Work to complete:
Please begin with the line containing "XM অ্যাপ শুধুমাত্র" and reproduce each line exactly until the records below end, without any pictures.

═════ Available records

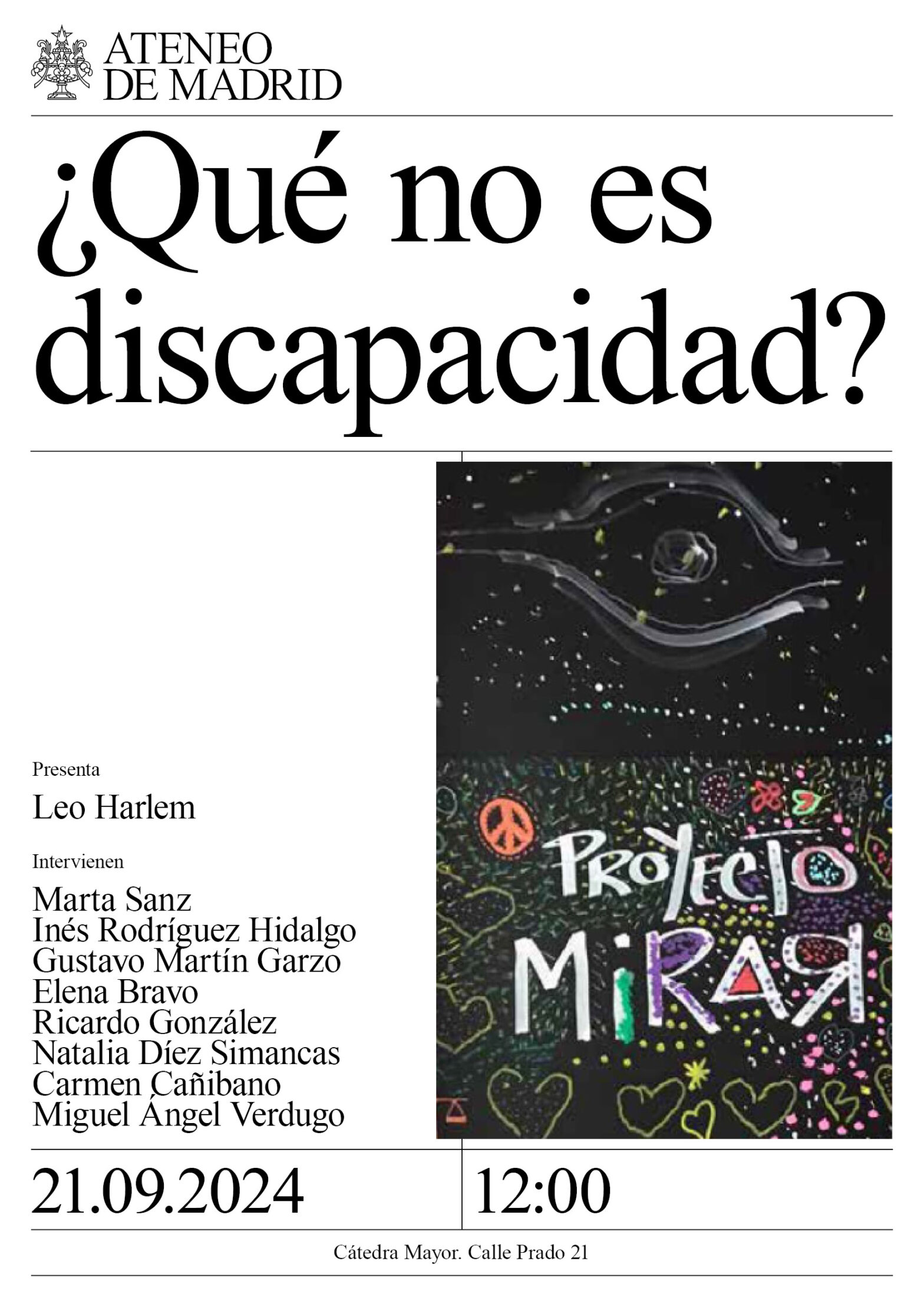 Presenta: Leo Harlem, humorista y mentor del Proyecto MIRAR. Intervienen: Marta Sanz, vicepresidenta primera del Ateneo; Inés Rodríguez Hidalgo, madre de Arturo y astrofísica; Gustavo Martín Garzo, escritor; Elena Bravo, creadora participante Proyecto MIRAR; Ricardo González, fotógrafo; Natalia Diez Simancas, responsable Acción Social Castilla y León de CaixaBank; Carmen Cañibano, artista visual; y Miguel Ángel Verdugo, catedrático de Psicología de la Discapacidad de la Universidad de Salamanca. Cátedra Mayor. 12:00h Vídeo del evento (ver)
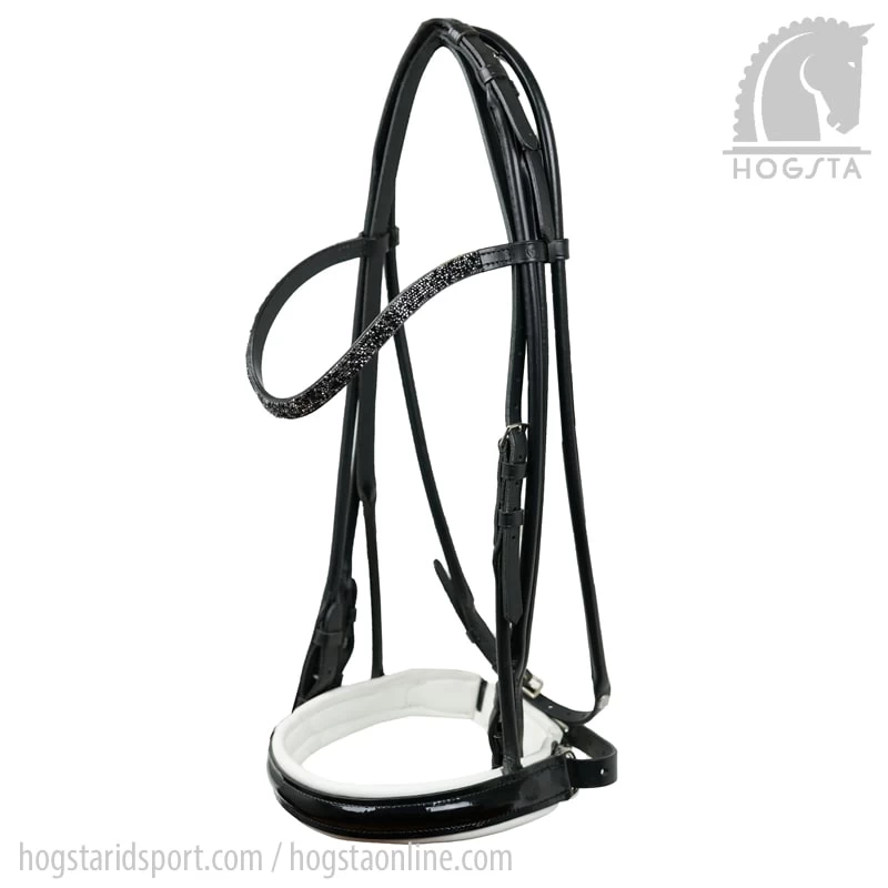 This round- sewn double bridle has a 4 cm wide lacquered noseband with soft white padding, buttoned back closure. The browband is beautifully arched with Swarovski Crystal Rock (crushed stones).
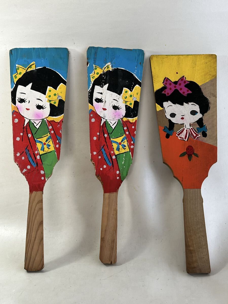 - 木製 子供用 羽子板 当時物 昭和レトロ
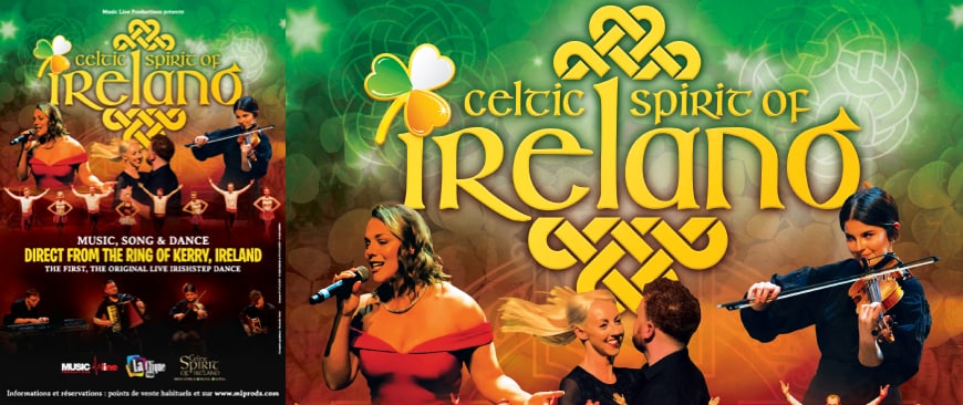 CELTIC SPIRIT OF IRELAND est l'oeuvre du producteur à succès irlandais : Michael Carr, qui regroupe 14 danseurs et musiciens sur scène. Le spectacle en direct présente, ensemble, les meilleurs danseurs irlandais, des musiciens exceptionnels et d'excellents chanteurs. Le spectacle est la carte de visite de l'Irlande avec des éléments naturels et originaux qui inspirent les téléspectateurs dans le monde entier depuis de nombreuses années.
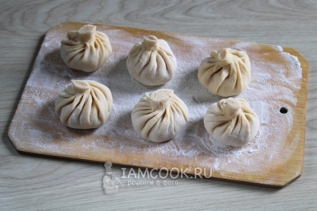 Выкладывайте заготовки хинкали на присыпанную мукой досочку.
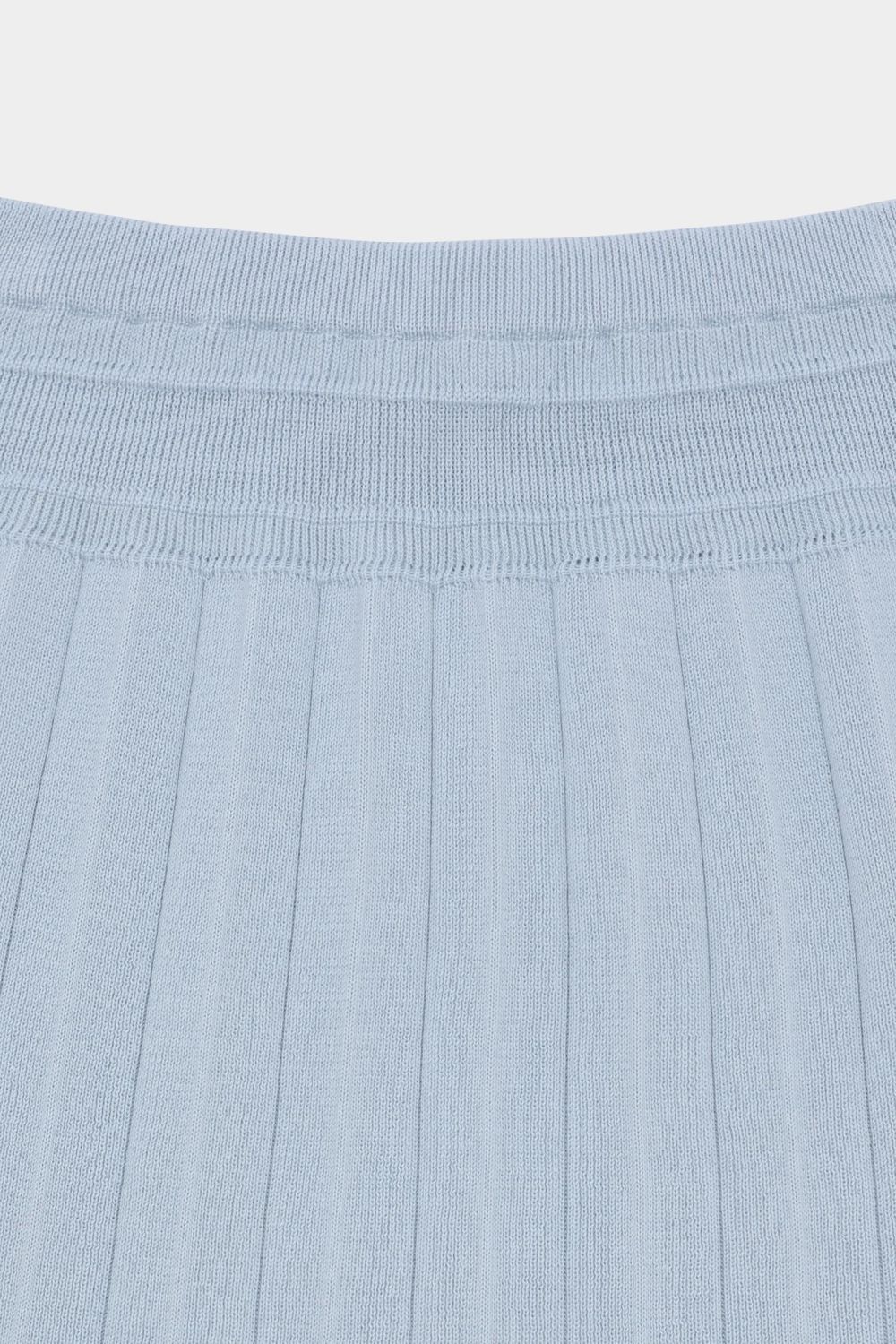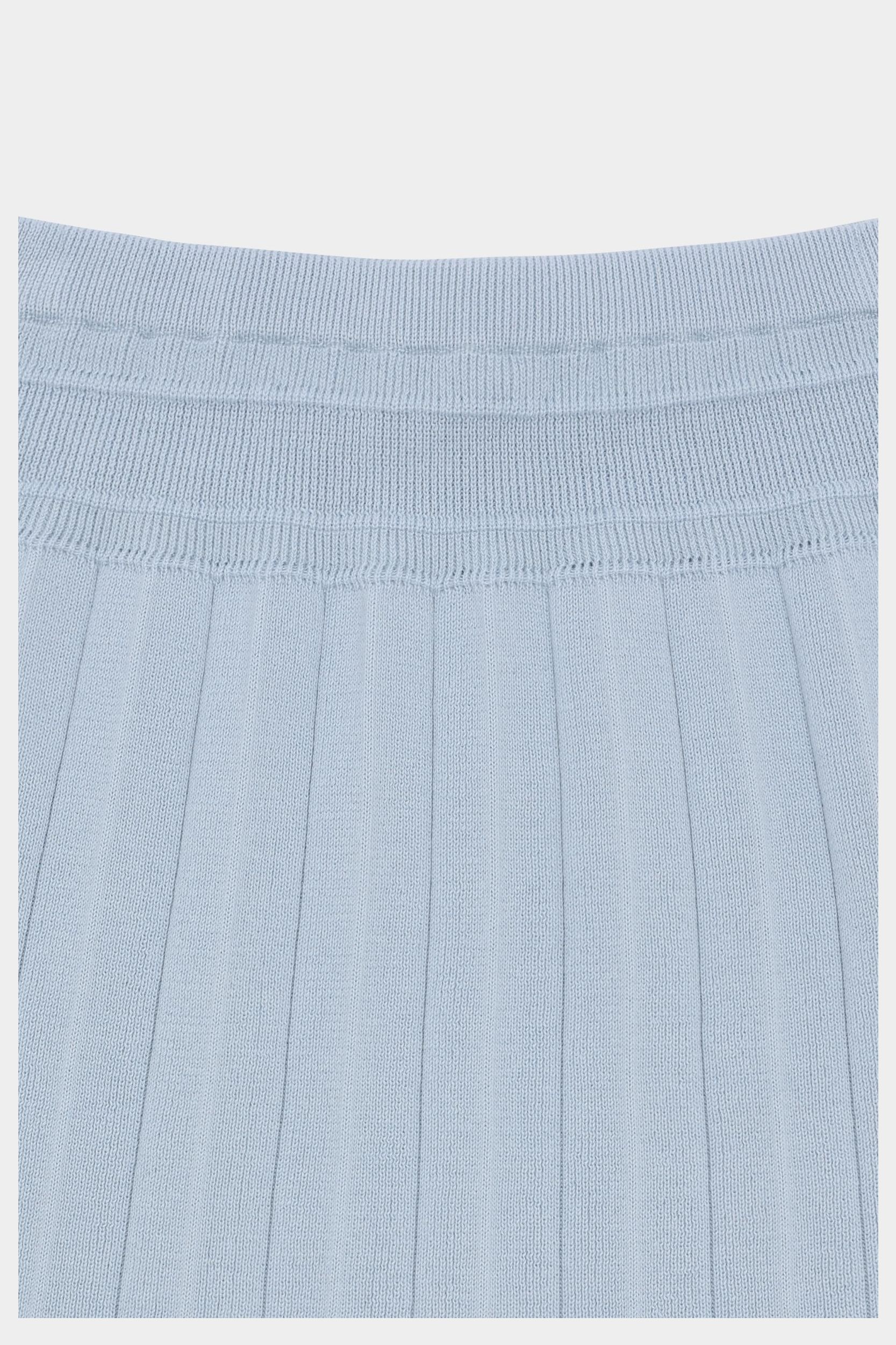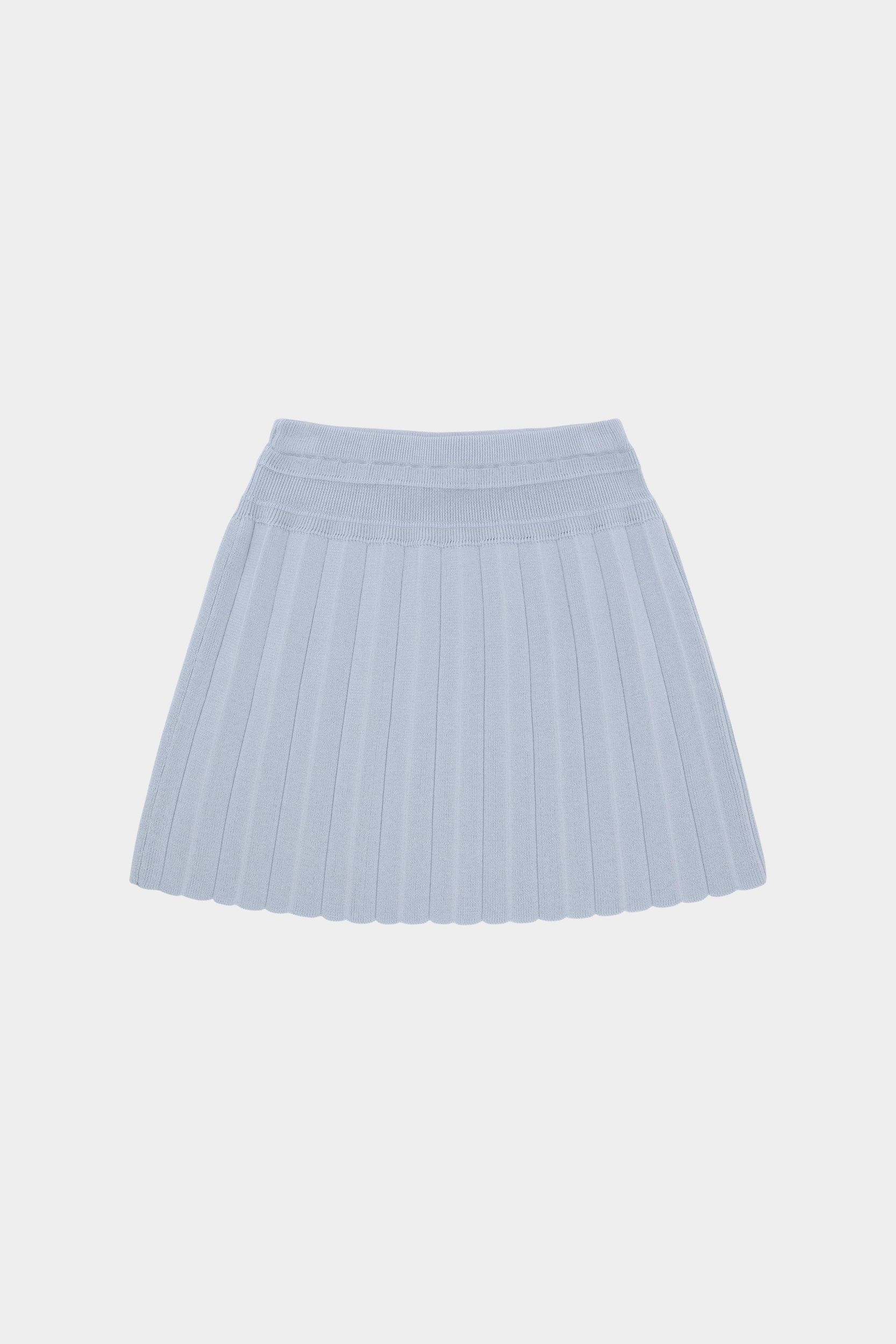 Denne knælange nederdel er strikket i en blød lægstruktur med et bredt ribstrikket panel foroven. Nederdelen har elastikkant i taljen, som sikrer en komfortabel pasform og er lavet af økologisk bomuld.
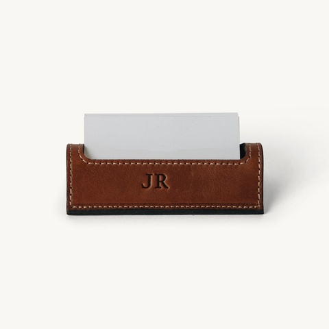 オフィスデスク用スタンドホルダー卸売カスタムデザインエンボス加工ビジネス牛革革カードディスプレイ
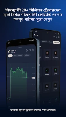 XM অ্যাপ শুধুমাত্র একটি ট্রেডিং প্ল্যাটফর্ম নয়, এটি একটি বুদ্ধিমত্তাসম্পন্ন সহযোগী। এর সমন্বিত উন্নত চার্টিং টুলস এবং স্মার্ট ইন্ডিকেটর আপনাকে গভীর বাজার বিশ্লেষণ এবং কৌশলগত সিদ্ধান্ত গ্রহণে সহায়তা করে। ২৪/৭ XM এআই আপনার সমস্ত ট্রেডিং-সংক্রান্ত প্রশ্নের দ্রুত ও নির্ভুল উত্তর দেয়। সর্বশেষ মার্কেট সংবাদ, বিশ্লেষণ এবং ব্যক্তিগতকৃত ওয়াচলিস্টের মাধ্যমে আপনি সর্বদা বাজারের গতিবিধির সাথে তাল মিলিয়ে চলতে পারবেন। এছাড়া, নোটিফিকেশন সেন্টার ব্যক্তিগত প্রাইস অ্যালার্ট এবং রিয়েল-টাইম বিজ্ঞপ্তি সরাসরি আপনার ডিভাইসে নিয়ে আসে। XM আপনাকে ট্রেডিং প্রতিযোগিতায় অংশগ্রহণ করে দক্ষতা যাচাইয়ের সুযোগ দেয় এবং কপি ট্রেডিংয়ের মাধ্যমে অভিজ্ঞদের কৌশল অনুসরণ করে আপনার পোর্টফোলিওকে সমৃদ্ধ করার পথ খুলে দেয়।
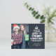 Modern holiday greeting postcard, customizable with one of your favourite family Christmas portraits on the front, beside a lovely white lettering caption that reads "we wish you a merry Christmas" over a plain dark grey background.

══════════

Answer to this problem:
 XM অ্যাপ শুধুমাত্র একটি ট্রেডিং প্ল্যাটফর্ম নয়, এটি একটি বুদ্ধিমত্তাসম্পন্ন সহযোগী। এর সমন্বিত উন্নত চার্টিং টুলস এবং স্মার্ট ইন্ডিকেটর আপনাকে গভীর বাজার বিশ্লেষণ এবং কৌশলগত সিদ্ধান্ত গ্রহণে সহায়তা করে। ২৪/৭ XM এআই আপনার সমস্ত ট্রেডিং-সংক্রান্ত প্রশ্নের দ্রুত ও নির্ভুল উত্তর দেয়। সর্বশেষ মার্কেট সংবাদ, বিশ্লেষণ এবং ব্যক্তিগতকৃত ওয়াচলিস্টের মাধ্যমে আপনি সর্বদা বাজারের গতিবিধির সাথে তাল মিলিয়ে চলতে পারবেন। এছাড়া, নোটিফিকেশন সেন্টার ব্যক্তিগত প্রাইস অ্যালার্ট এবং রিয়েল-টাইম বিজ্ঞপ্তি সরাসরি আপনার ডিভাইসে নিয়ে আসে। XM আপনাকে ট্রেডিং প্রতিযোগিতায় অংশগ্রহণ করে দক্ষতা যাচাইয়ের সুযোগ দেয় এবং কপি ট্রেডিংয়ের মাধ্যমে অভিজ্ঞদের কৌশল অনুসরণ করে আপনার পোর্টফোলিওকে সমৃদ্ধ করার পথ খুলে দেয়।
 Modern holiday greeting postcard, customizable with one of your favourite family Christmas portraits on the front, beside a lovely white lettering caption that reads "we wish you a merry Christmas" over a plain dark grey background.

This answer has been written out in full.